For the sake of argument, let's say any.



> Oh, on that basis, I'd argue that the shows you're looking for already exist - the modern police procedural is a good example of a show that uses extrapolated access to information and analysis.



Au contraire. Most procedurals, despite not being billed as science fiction, are littered with quasi-magical technology. Real forensic science takes a lot more time to get through, and is far more prone to bureaucratic holdups, budget cuts, and human error than any of the cops shows. Real medicine vs TV medicine, same difference. Extrapolate to your procedural of choice.

I point this out because there are exceptions. Part of the joy of watching The Wire is all the things they have to go through to set up their titular equipment, and how hilariously old and limited it is compared to audience expectations.

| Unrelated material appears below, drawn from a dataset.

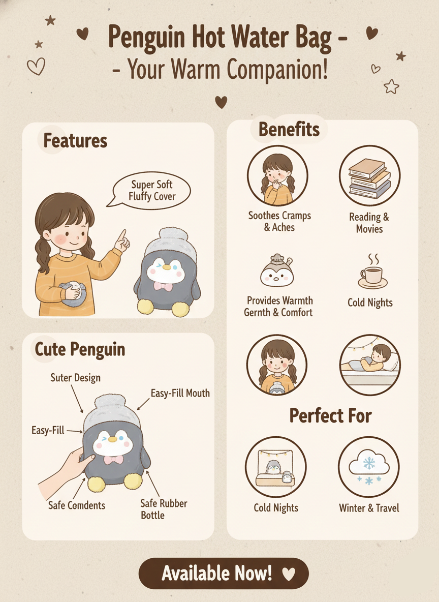 A: This hot water bag combines soothing long-lasting warmth with an ultra-soft plush cover designed for maximum comfort. Perfect for cramps, winter nights, or stress relief, it’s cozy, safe, adorable, and crafted to be your go-to comfort essential. Loved by Okiedoky fans who want both function and cute aesthetics in their self-care routine.

It's not impossible to do a sci-fi show in which faster than light travel is impossible and the science is otherwise realistic.



> for economic reasons modern TV and movies must also satisfy the viewer's need for escapism



I don't agree with that. Escapism isn't everything, and today's market for film and TV allows for all kinds of niches to be explored. Fantasy is of course never realistic, but if people are flocking to Game of Thrones I think a sci-fi show with similar tone could work.


----------



## ggroy (Jul 22, 2013)

^
What would be an example of an extremely realistic procedural show?


----------



## Umbran (Jul 22, 2013)

frankthedm said:


> I would argue for its time, the actions they took WERE very direct. Especially the casting choices.




There's only so far we can go under the board rules.  I'll just say that I feel the casting choices represented a general statement of human value, not a commentary on specific individual policies.  And it was still buried in an allegory.  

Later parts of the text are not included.